James Madison, National Gazette, March 27, 1792

That means that physicians have a property in the certifications they have earned. When those certifications, and by extension their ability to practice their profession, are threatened for any reason other than their medical actions, those doctors have been deprived of both their liberty and property without due process of law, which violates the Fifth Amendment.

No person shall … be deprived of life, liberty, or property, without due process of law;

U.S. Constitution, Amendment V

When private organizations punish doctors for what they say, it is not a violation of the First Amendment, it is a violation of the due process clause. And if the AAPS is correct, and these medical associations colluded with the Department of Justice, then the DOJ has violated the First Amendment’s Free Speech and Free Press clauses.

This is the conundrum: Do we want government bureaucrats to regulate the qualification of doctors or do we want other doctors to do so? As Judge Ho said, doctors are just as susceptible to peer pressure and careerism as anyone. So where does that leave us? I think the best solution is to treat medical certifications as the property they were designed to be. If a doctor can pass the exam, they not only hold the certification, but it is their property. Like any other property, it should only be taken away when it is used unjustly. In other words, not because of what a physician says or writes, but for violations of the standards in the exams that led to the certification. I think both the association, and members of its various boards, should be held liable for the unjust abuses of their certification powers. After all, if you cannot sue the entities that has taken your property unjustly, how can you seek a redress of your grievance?

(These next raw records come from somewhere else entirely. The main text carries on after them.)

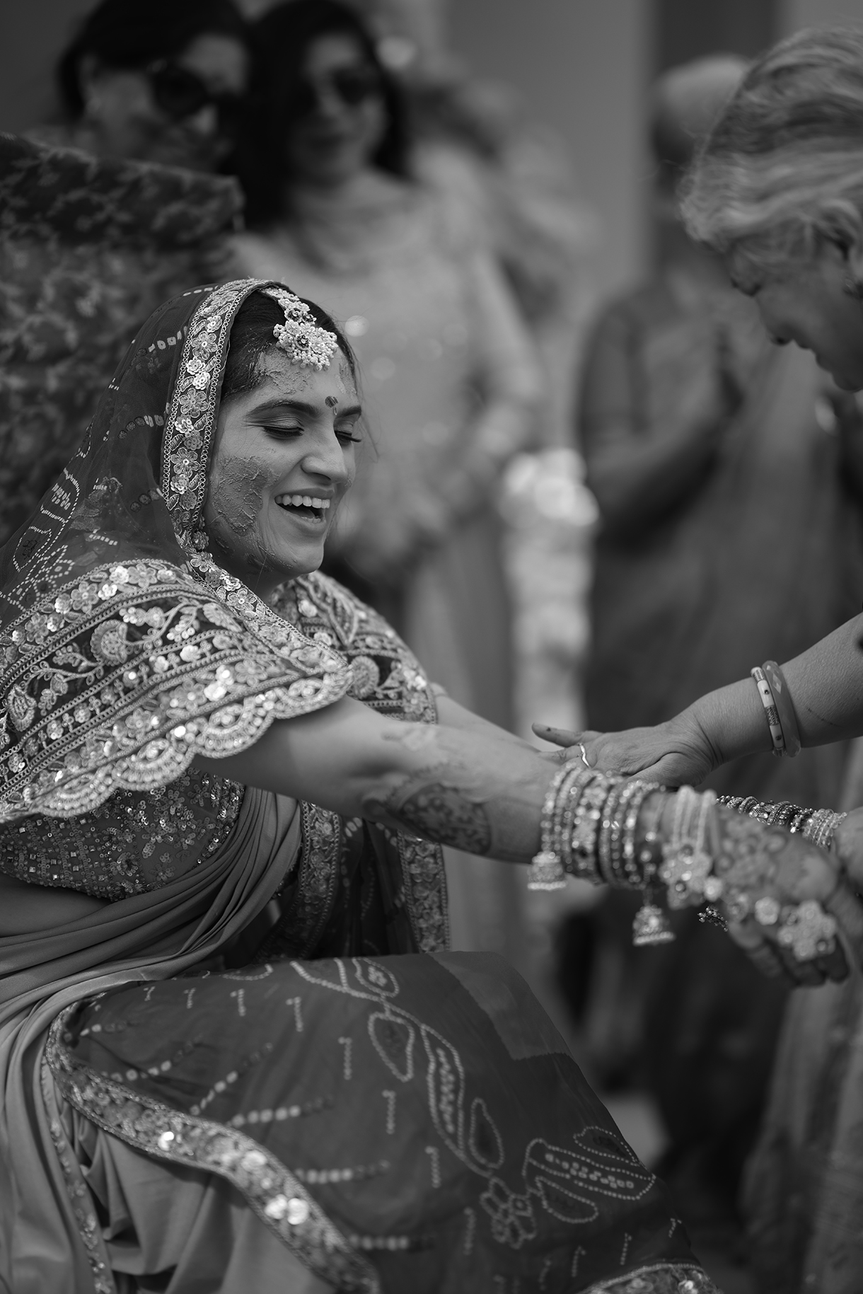 The Lakeside Raj Baug Lawns offered an exquisite backdrop for the Sehra Bandhi, which was perfectly situated for the Baraat procession and overlooked the serene Fatehsagar Lake. The venue’s charm was evident as guests captured selfies, while a delightful array of snacks, high tea, and cocktails charged the atmosphere. With a lively band and a special group of Dholis from Delhi, the energy was palpable, inviting the Baraatis to dance the Bhangra in exuberance. Adding a touch of elegance, the Nath Family’s vintage Buick Convertible graced the procession, infusing the event with a regal flair.
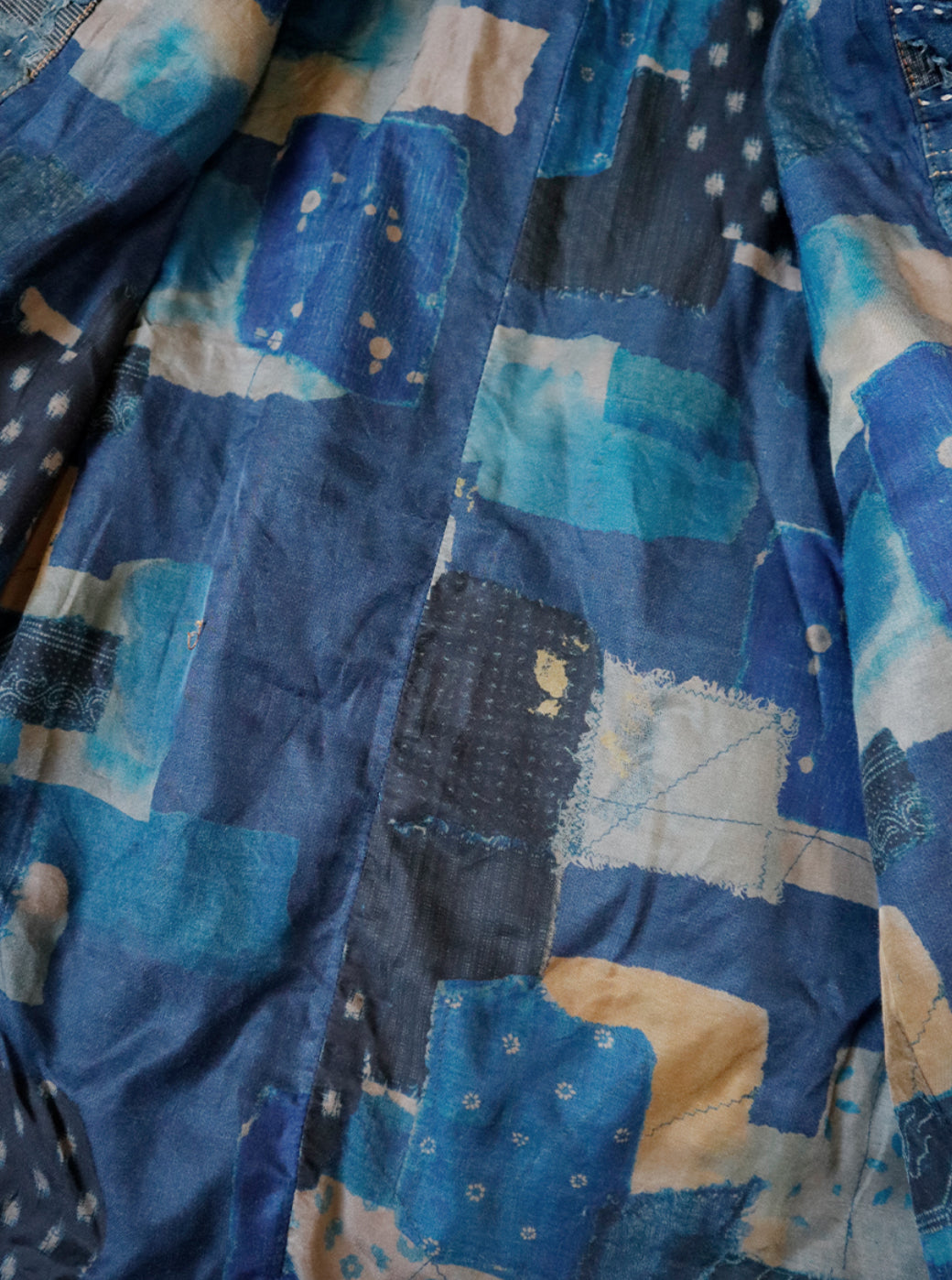 1ST jacket made with original fabric "BORO" that reproduces the shape of a rag. The lining of the body is made of a cupro and cotton blend fabric with a lintel print, creating an outerwear that is lightweight and comfortable to wear.
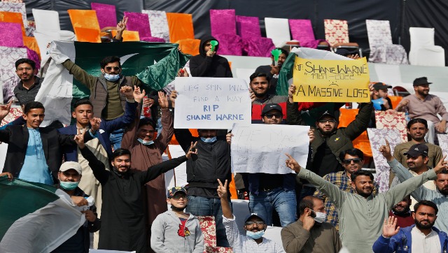 Cricket fans hold the placards to pay tribute Australian cricketer Shane Warne during the 2nd day of first cricket test match between Pakistan and Australia at the Pindi Stadium, in Rawalpindi, Pakistan, Saturday, March 5, 2022. (AP Photo/Anjum Naveed)

I also think, since the power to regulate medical care is not delegated to the United States, any department or agency thereof should be prohibited from influencing their standard by criminal statute. It is not enough to simply say a department or agency cannot influence board standards, but there must be punishment for those who do.

I cannot think of another way to constitutionally protect both the medical profession and the professionals that practice it. If we want to avoid future politicization of medical boards, then they must be held accountable for their actions. If the board can justify their actions to rescind someone’s certification based on their actions, they are fulfilling their role in protecting us from unqualified doctors. If they cannot defend their actions, they are not qualified to question the fitness of doctors to practice.